[SUPPLIED DATA]
=== Section Start ===

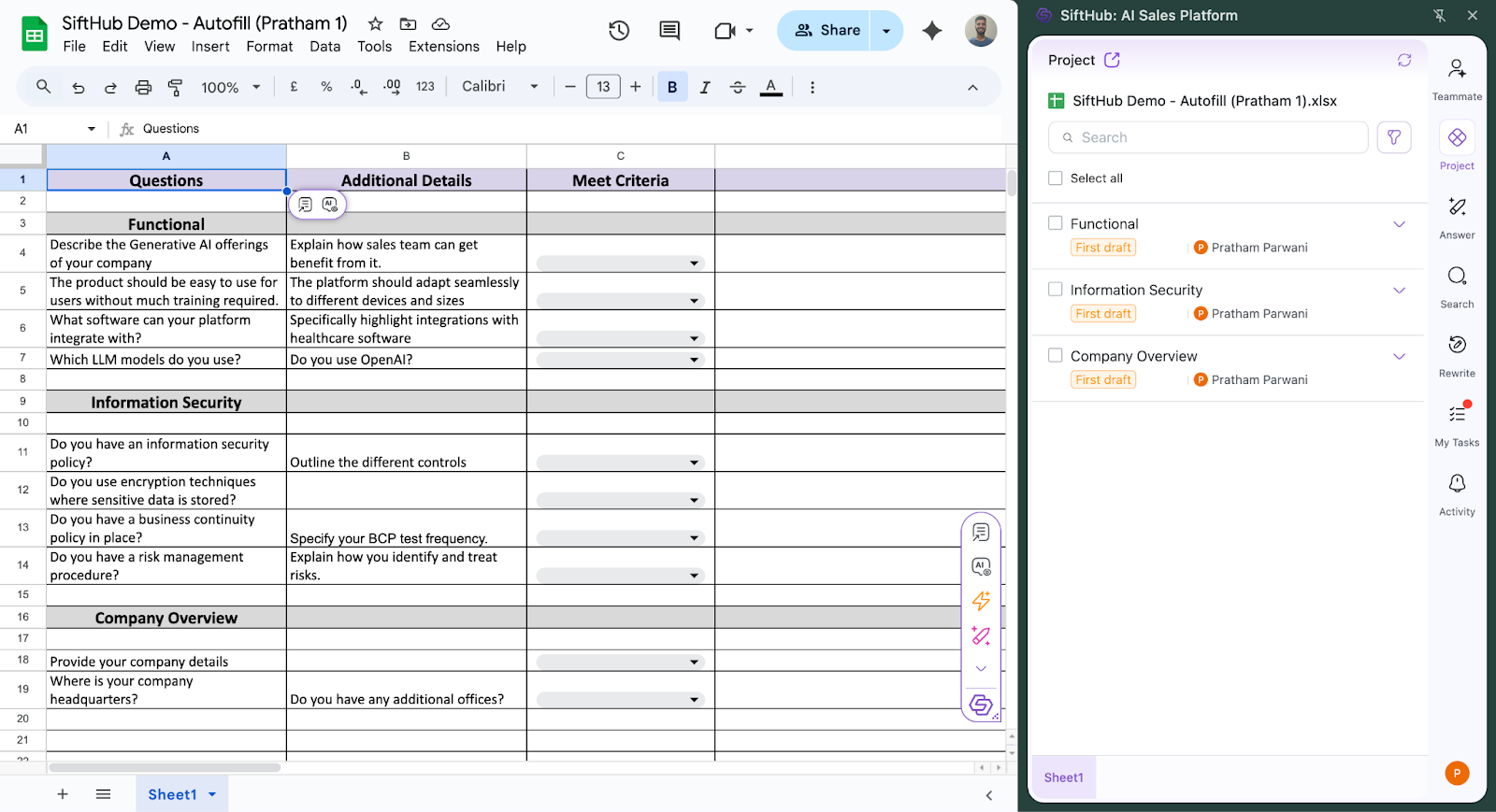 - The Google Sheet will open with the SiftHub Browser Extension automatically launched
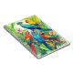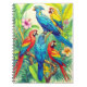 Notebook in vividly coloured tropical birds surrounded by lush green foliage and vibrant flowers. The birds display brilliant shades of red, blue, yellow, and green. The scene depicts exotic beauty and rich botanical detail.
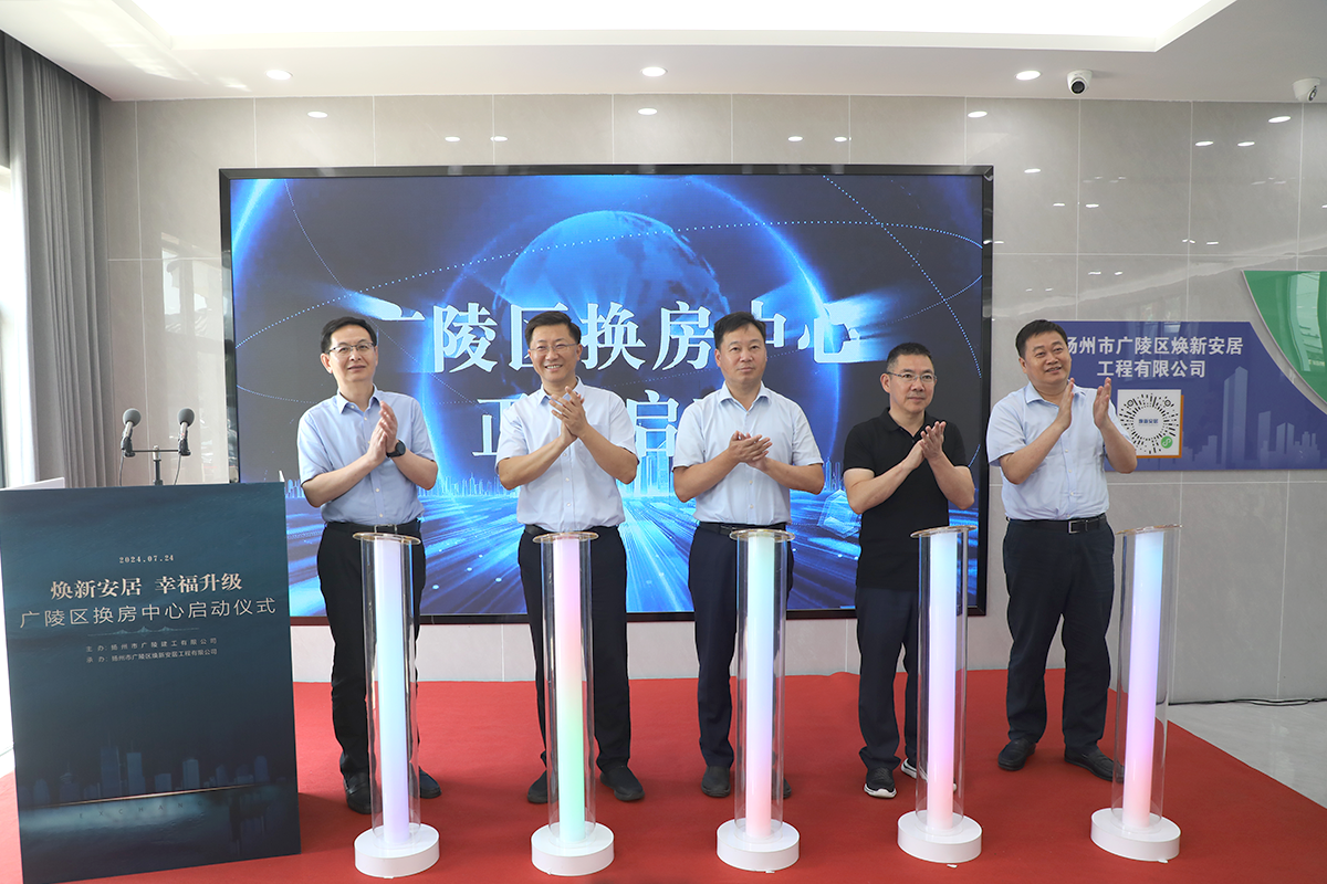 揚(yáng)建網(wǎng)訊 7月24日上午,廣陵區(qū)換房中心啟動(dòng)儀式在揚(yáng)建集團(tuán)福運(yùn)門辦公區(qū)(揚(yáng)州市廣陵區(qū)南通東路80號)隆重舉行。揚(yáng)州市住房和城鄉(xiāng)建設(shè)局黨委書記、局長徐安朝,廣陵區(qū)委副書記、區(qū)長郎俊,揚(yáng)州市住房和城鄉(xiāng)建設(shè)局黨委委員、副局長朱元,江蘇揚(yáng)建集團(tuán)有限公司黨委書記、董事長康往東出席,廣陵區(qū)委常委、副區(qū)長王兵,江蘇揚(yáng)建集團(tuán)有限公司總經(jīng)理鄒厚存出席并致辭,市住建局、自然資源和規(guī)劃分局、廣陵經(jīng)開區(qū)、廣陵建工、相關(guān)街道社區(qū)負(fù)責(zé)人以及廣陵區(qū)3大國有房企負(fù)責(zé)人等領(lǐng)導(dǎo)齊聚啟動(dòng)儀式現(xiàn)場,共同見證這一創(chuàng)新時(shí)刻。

=== Section End ===

[WORK INSTRUCTION] Line by line, give the material above again exactly, but without any pictures.

[OUTPUT OF THE TASK]
 - The Google Sheet will open with the SiftHub Browser Extension automatically launched
 Notebook in vividly coloured tropical birds surrounded by lush green foliage and vibrant flowers. The birds display brilliant shades of red, blue, yellow, and green. The scene depicts exotic beauty and rich botanical detail.
 揚(yáng)建網(wǎng)訊 7月24日上午,廣陵區(qū)換房中心啟動(dòng)儀式在揚(yáng)建集團(tuán)福運(yùn)門辦公區(qū)(揚(yáng)州市廣陵區(qū)南通東路80號)隆重舉行。揚(yáng)州市住房和城鄉(xiāng)建設(shè)局黨委書記、局長徐安朝,廣陵區(qū)委副書記、區(qū)長郎俊,揚(yáng)州市住房和城鄉(xiāng)建設(shè)局黨委委員、副局長朱元,江蘇揚(yáng)建集團(tuán)有限公司黨委書記、董事長康往東出席,廣陵區(qū)委常委、副區(qū)長王兵,江蘇揚(yáng)建集團(tuán)有限公司總經(jīng)理鄒厚存出席并致辭,市住建局、自然資源和規(guī)劃分局、廣陵經(jīng)開區(qū)、廣陵建工、相關(guān)街道社區(qū)負(fù)責(zé)人以及廣陵區(qū)3大國有房企負(fù)責(zé)人等領(lǐng)導(dǎo)齊聚啟動(dòng)儀式現(xiàn)場,共同見證這一創(chuàng)新時(shí)刻。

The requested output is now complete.